Tracing freedom
When my daughter’s fingertips met the Vietnam Wall, the true price of liberty came into focus.

“We owe them our freedoms.”
The following excerpt is part of today’s Dallas Morning News column:
“One of my most unforgettable moments as a parent happened Memorial Day weekend in 2017, when we took our daughters to Washington, D.C., for their first visit to the capital.
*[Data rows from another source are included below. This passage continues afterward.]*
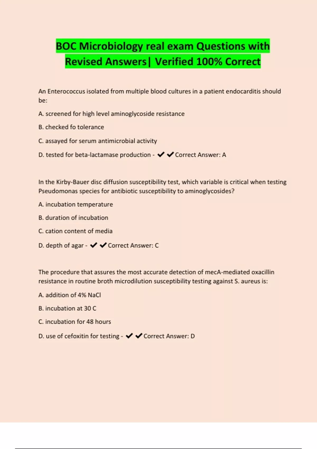 BOC Microbiology real exam Questions with
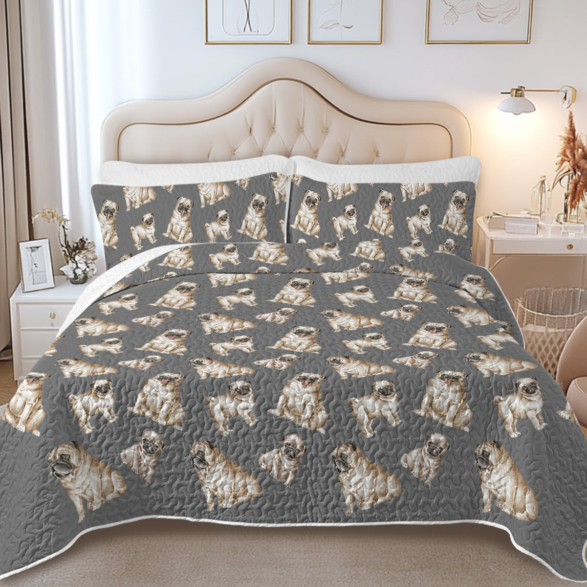 Watercolor Symphony Fawn Pugs Quilted Bedding Set
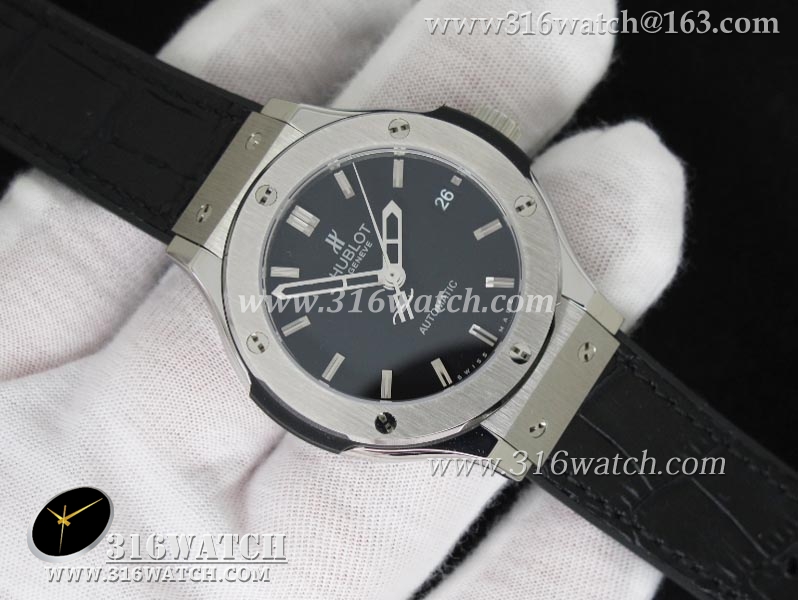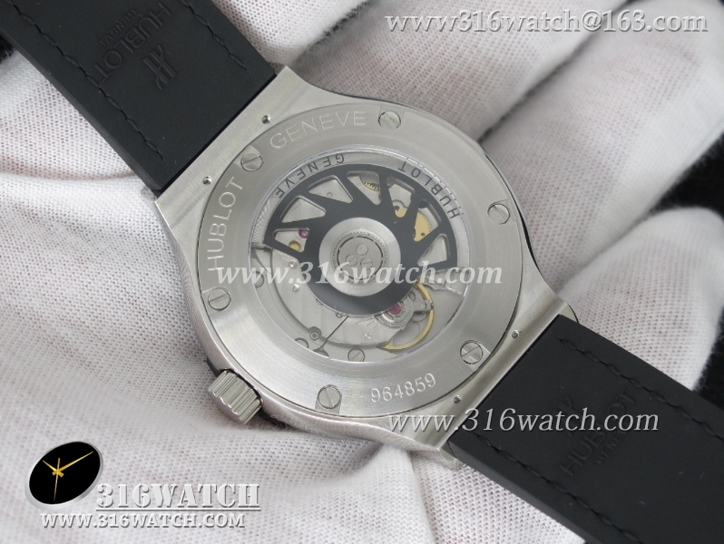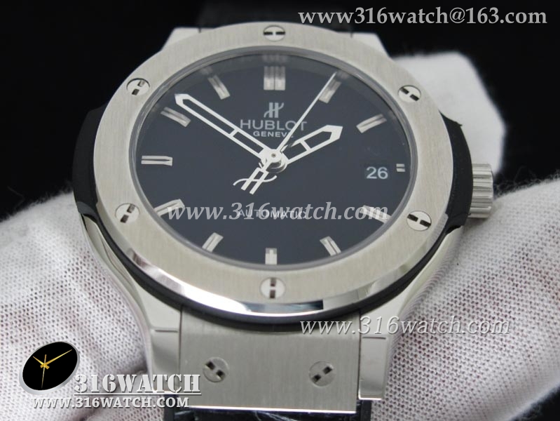 1:1高仿宇舶Hublot-大爆炸经典融合38mm系列 1:1 不锈钢表壳 黑色表盘 黑色皮纹橡胶表带 自动MIYOTA9015机芯 HB0188
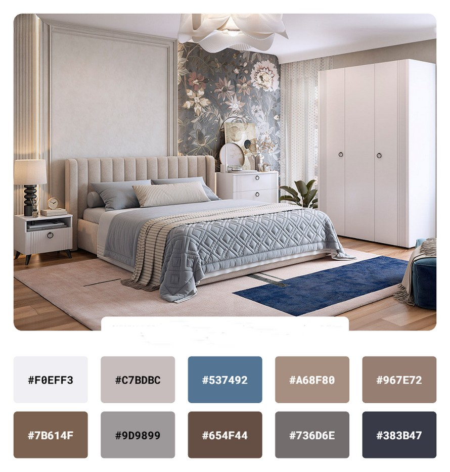 Если спальня уже полностью обустроена, важно грамотно встроить оттенок кровати в общую палитру. Для этого сделайте несколько фото интерьера в светлое время суток, загрузите в смартфон, ноутбук или компьютер. С помощью специальных онлайн-сервисов можно получить готовую схему уже используемых в спальне оттенков.
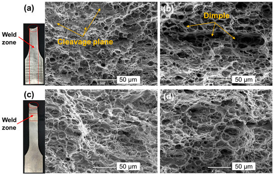 Fracture morphology of the radial sample (a,b) and circumferential sample (c,d) in the WZ (a,c) and the base material zone (BMZ) (b,d).
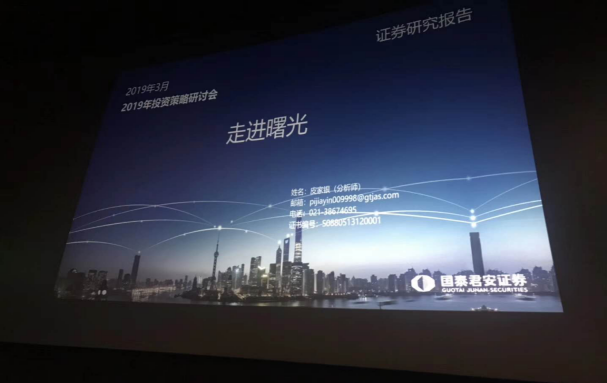 报告会开始由皮家银老师解读当前宏观经济运行状态,指出经济下滑的潜在风险,有些上市公司净利润增速也会有所下滑,中美贸易战最近只是暂时缓和,市场依然存在一些变数。针对当前政策支持科创板的推出,加上5g建设周期提速,解读目前券商和5g板块上涨过快的逻辑;当前快速上涨、游资炒作个股非常多,多数被炒作公司主营业务与概念毫无相关,经营业绩也很差,投资者追涨风险很大,投资者需要明辨形势,不要当游资的接盘侠。选股思路可以侧重机构偏爱的业绩增速稳健、连续几年持续盈利的公司。对业绩稳定的医药板块和防御板块的食品饮料也做了逻辑分享,同时提示医药行业“带量采购”的风险,食品饮料行业估值偏高风险。对一些选股比较迷茫的投资者,建议配置指数etf,避免踩雷,股票不好做时客户的大部分资金可以配置理财,分散风险,而不是什么时候都满仓炒股。
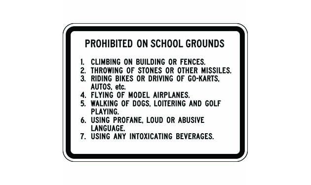 "Prohibited On School Grounds" Sign
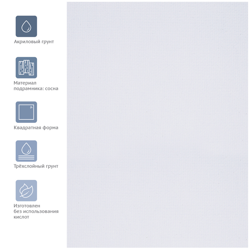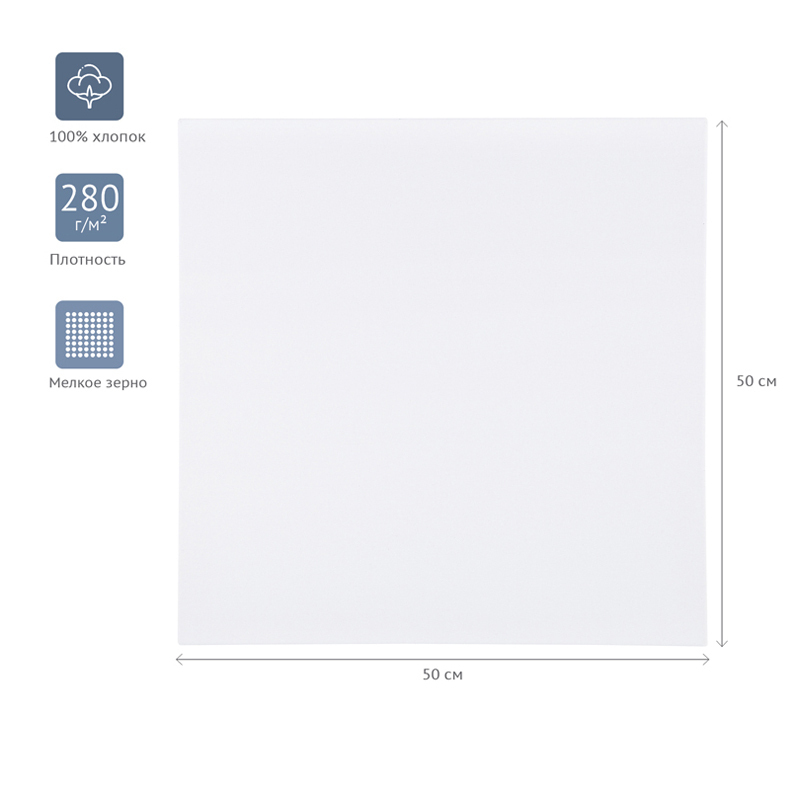 Хлопковый холст на подрамнике ГАММА серии «Студия», грунтованный, подойдёт для живописи масляными, акриловыми, темперными и гуашевыми красками. Основа – натуральное полотно, 100% хлопок, мелкое зерно. Холст квадратной формы плотностью 280 г/м2, размер – 50*50 см. Холст покрыт акриловым грунтом, а подрамник выполнен из сосны. Изготовлен без использования кислот.
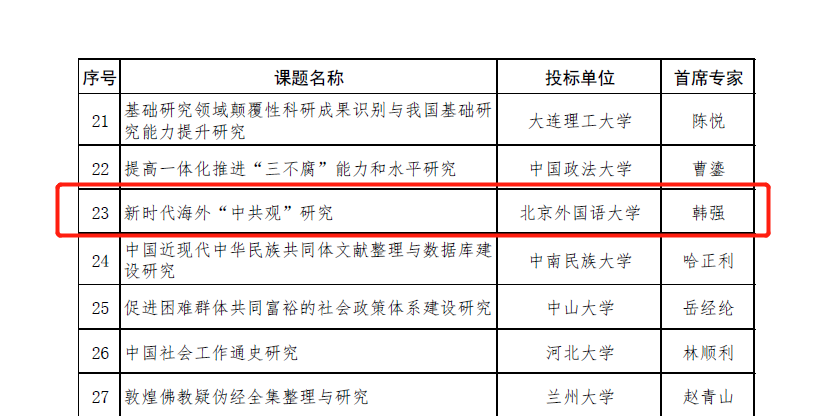 20221229日,教育部办公厅发布《关于2022年度教育部哲学社会科学研究重大课题攻关项目立项的通知》(教社科厅函[2022]50号),根据《通知》,2022年度教育部哲学社会科学研究重大课题攻关项目共有51项批准立项,beat365官网韩强教授作为首席专家领衔申报的《新时代海外“中共观”研究》成功获批立项,项目编号:22JZD023
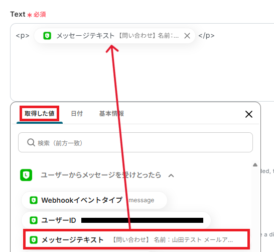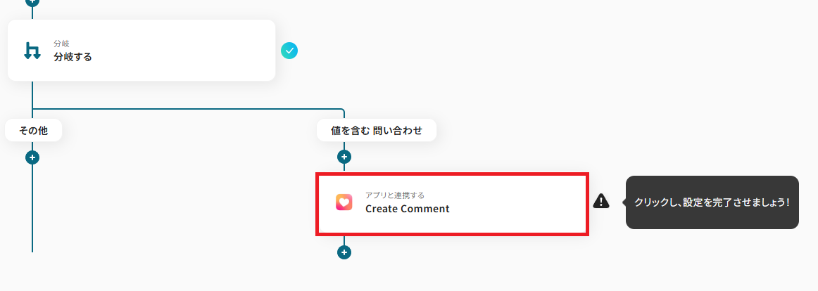 メッセージに含まれる「問い合わせ」というキーワードは、次の分岐設定ステップで利用され、LINE公式アカウントメッセージ内にこのキーワードが含まれている場合にのみ、HeartbeatでCommentを作成する条件として機能します。
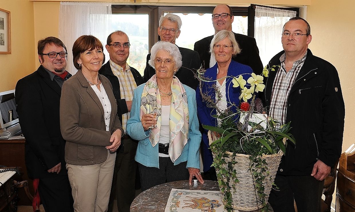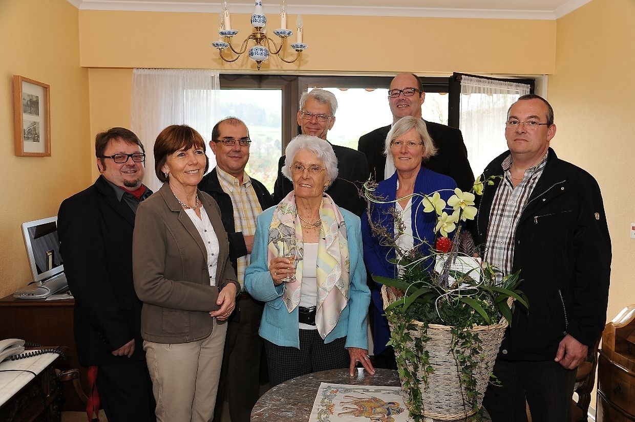 Mat besonnescher Freed a bei gudder Gesondheet konnt d'Madame Jeanne Müller- Ketter , déi hiren Liewensoewend zënter 2008 am CIPA- Résidence du Parc - zu Dikrich verbrëngt, op 90 Joer erfëlltes Liewen zerëck kucken. De Buergermeeschter Claude Haagen mat sengen zwéin Schëffen René Kanivé an Claude Thill woren haut Freideg bei der Jubilarin lanscht komm, fir dem gut gelaunten Geburtsdagskand zesummen mat der Famill an der Direktioun vum Haus mat schéine Blummen zum 90. Gebuertsdag ze gratuléieren.
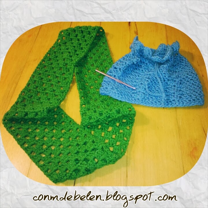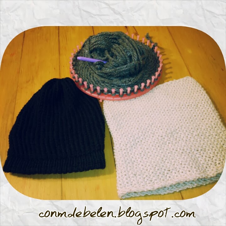 Un gorro y un cuello y algo mas que aun no se que será, con telar redondo, un gran descubrimiento, en un par de horas tienes terminado cualquier proyecto sencillo.
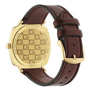 Ya157411 - Grip Yellow Gold Pvd, 3 Windows Indicating Hour, Minute & Date, Bordeaux Leather Stra
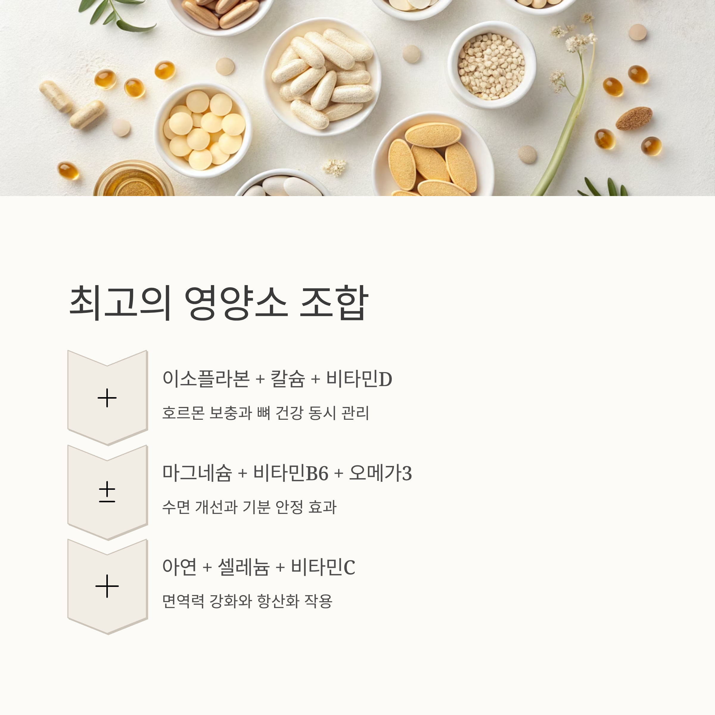 단독보다 조합, 이것이 갱년기 영양제의 핵심 공식입니다.
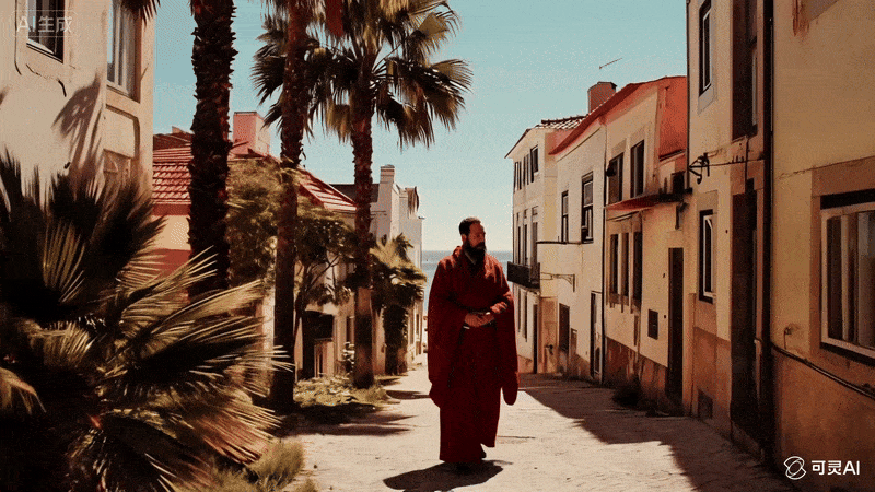 成片核心亮点:步辇图红衣使者+三亚现代街景,冷暖色调碰撞出孤独感;主观跟拍视角+微表情细节,AI合成却自带电影感;可灵自动音效匹配脚步声+交谈声,氛围感拉满。

“Our itinerary was packed: White House tour, stops at the Washington Monument, the Martin Luther King Jr. Memorial and the U.S. Capitol, among others. We ate crab cakes and enjoyed soft serve while soaking in the National Memorial Day Parade, gawking at the Rolling Thunder motorcycle rally for POWs and MIAs, and marveling at the city’s patriotic pageantry.
“But nothing stayed with me like the memorials to those who served and died in World War II, Korea and Vietnam. That’s where I felt most proud to be an American. And most heartbroken.
“I wept as my eldest daughter, then 11, pressed her forehead to the Vietnam Veterans Memorial wall, then reached up, tracing the etched names with her fingers as if reading braille, honoring lives lost long before she was born.”
My baby girl is a high schooler no more
Proud of this beauty. Twelve done; four more to go. Hookem!
What I’m reading
Scarcity: The True Cost of Not Having Enough | Sendhil Mullainthan and Eldar Shafir
Scarcity isn’t just an economic concept—it’s a lens that colors every choice, from the bills we pay to the bite we skip at lunch. In Scarcity, Sendhil Mullainathan and Eldar Shafir unpack how feeling “not enough” hijacks our thinking, siphoning mental energy and steering us toward decisions that deepen the very shortages we fear.
Two points of interest:
Psychological deep dive. Mullainathan and Shafir show how a scarcity mindset—be it money, time, or calories—narrows our focus, drains willpower, and fuels a cycle of poor choices.
Real-world fixes. From payday-loan reforms to menu redesigns, the authors map “band-aid” nudges (simple prompts to break the tunnel vision) and “cure” strategies (structural changes that replenish bandwidth) to help individuals and institutions escape scarcity’s trap.
In a nutshell
When we believe we lack, our brains switch into survival mode, and the costs are high. Scarcity illuminates how small, strategic tweaks to our environments—smarter incentives, clearer defaults, targeted support—can restore mental bandwidth and unlock better outcomes at scale. Full review forthcoming.